Cross-sectional SEM images of the samples: (a)–(c) after sintering at 1270°C; (d)–(f) pre-reduction at 900°C; reduction at 1200°C (g)–(i) in the center and (j)–(l) on the surface of the samples.

Fig. 8.

Cross-sectional SEM images of the samples at high magnification: (a)–(c) after sintering at 1270°C; (d)–(f) pre-reduction at 900°C; reduction at 1200°C (g)–(i) in the center and (j)–(l) on the surface of the samples.

Fig. 9.

(a) Phase diagram of the Fe₂O₃–CaO–SiO₂ system,¹⁵⁾ on which the average compositions of the matrices are plotted. (b) Enlarged portion of the figure in (a) outlined with dotted lines. (Online version in color.)

Fig. 10.

Plot showing the variation of the chemical composition of SFCA¹⁹⁾ with the average composition of the matrices in the samples with C/S = 2.0 and 2.5.
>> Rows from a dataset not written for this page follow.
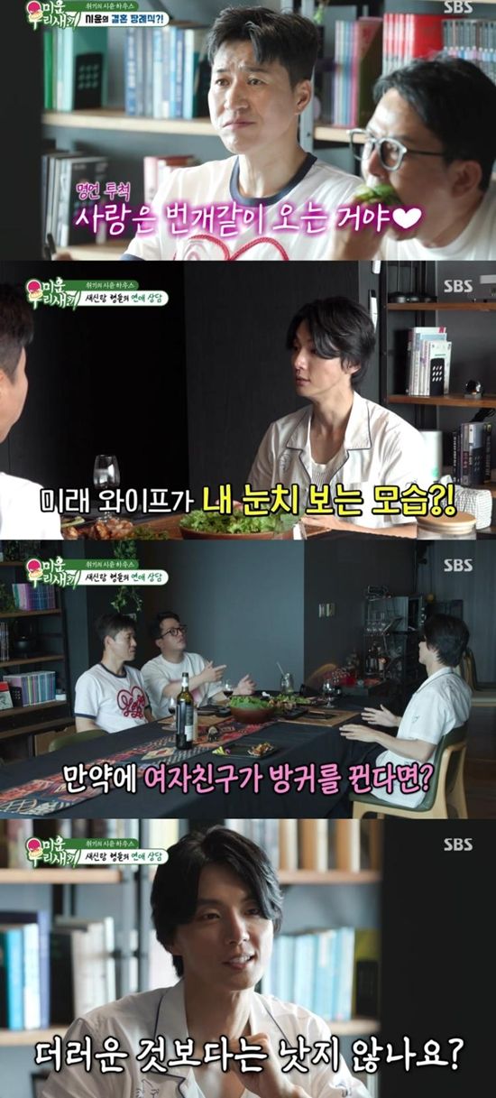 한편 윤시윤은 "지난번에 어머니가 일주일 있겠다고 오셨다가 이틀 만에 가셨다"라고 밝혔고, 김준호는 "너 그러다가 와이프도 간다. 다 간다"라며 지나치게 깔끔 떠는 동생의 모습을 지적했다. 윤시윤은 "제 방귀소리 들어본 사람이 없다. 여자친구가 방귀를 뀌는 건 극복하기 어려울 것 같다"라고 밝혀 눈길을 끌었다.
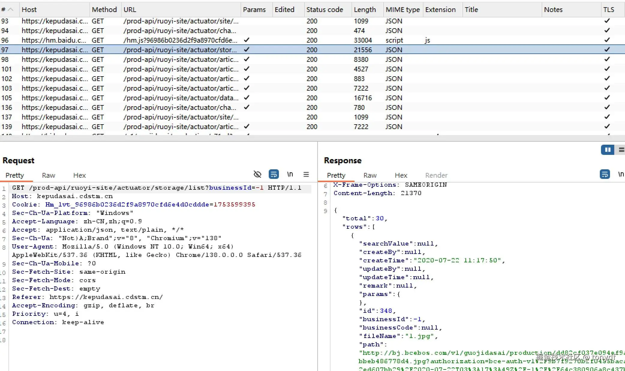打开Burp,我们可以看一下它的数据交互情况,可以看到系统建立许多ws的链接历史,而这里实际上是一个长链接,如下图
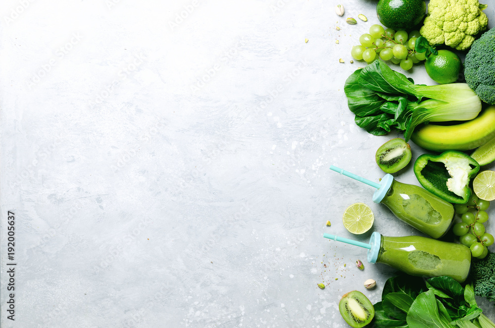 Fototapeta Green smoothie in glass jar with fresh organic green vegetables and fruits on grey background
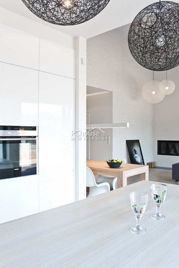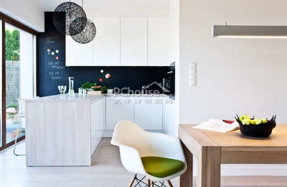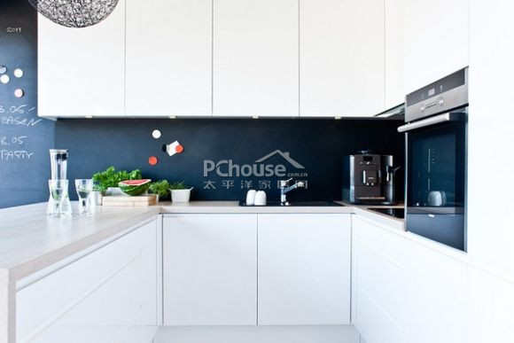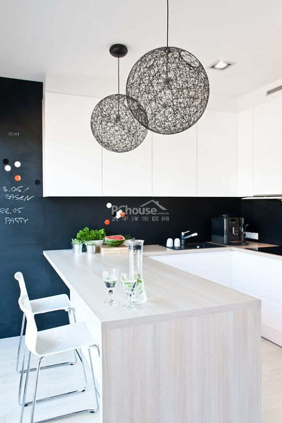独立设计则保持了各个房间风格的一致性。厨房与客厅空间仅有短墙相隔,白色和清漆淡色系整体厨具,同样的深蓝黑墙面,黑色镂空圆笼灯具垂吊而下。
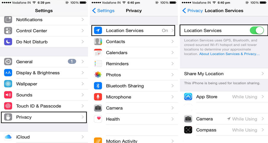 iOS device, go to Settings > Privacy > Location Services.
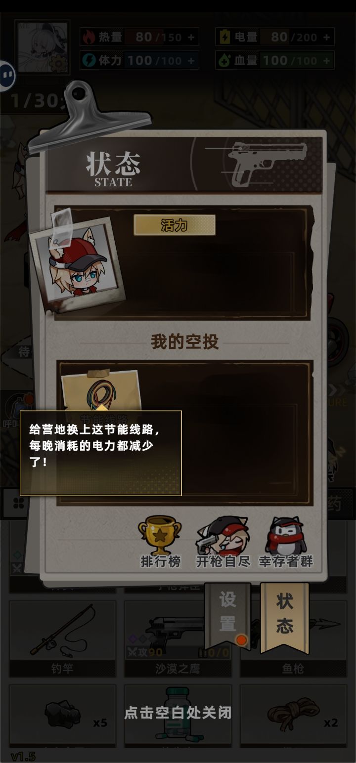 先叠甲:图1展现雷达容错、图2展现运营成果图3:宠物篇图4:空投组篇60通关必须要求:一把50%不消耗体力步枪/钉枪(30%也行)30天:电最低1350 推荐1500(不算调速器) 基础攻略有大佬做了,那么我这边直接上强度。宝子们,跟着节奏。 就决定是你了:点金指-冰箱-雷达 启动开局优先领取:v1.6战备卡、白色点金指 每天后庭抓鱼、上热血、活力、亢奋,做渔网等,(每天必备不会过多说

Figure 11 shows the phase diagram of the FeO_x–CaO–SiO₂ system,²⁰⁾ in which the average compositions of the matrix among the FeO_x particles in the pre-reduced samples are plotted. The compositions of the matrices in the pre-reduced samples were similar to those of the sintered samples. Therefore, the matrices in the pre-reduced samples were suggested to be calcium silicate slag containing FeO_x and Al₂O₃ at C/S = 1.5, and to be ‘FeO_x’ originated from SFCA at C/S = 2.0 and 2.5. On the other hand, the colored area in Fig. 11 indicates that the liquid region occurs at 1200°C in this system. The composition of the slag in the pre-reduced sample with C/S = 1.5 is similar to the composition of an olivine-like slag melt at 1200°C. This suggests that an olivine-like slag melt is produced from the reaction between the slag and FeO_x. Figure 12 shows the cross-sectional SEM images (BSE) of the sponge-like structures at a high magnification around the center of the samples with C/S = 2.0 and 2.5. It was found that the slag was distributed inside of FeO_x particles in the sponge-like structure. The composition of ‘FeOx’ after pre-reduction corresponds to the coexistence of FeO_x and 2CaO·SiO₂ phases at 1200°C. This suggests that the sponge-like structure was formed due to the separation of the gangue elements and FeO_x, which elements were contained in the ‘FeO_x’ particles. In these samples, slag was observed inside of the FeO_x particles, but the penetration of the slag melt to the surface of the samples could not be confirmed.

Fig. 11.

Average composition of the matrices in the microstructures of the pre-reduced samples plotted on the FeO_x–CaO–SiO₂ ternary phase diagram. (Online version in color.)

Fig. 12.

SEM images of the sponge-like structure among the FeO_x particles at high magnification for samples with (a) C/S = 2.0 and (b) C/S = 2.5.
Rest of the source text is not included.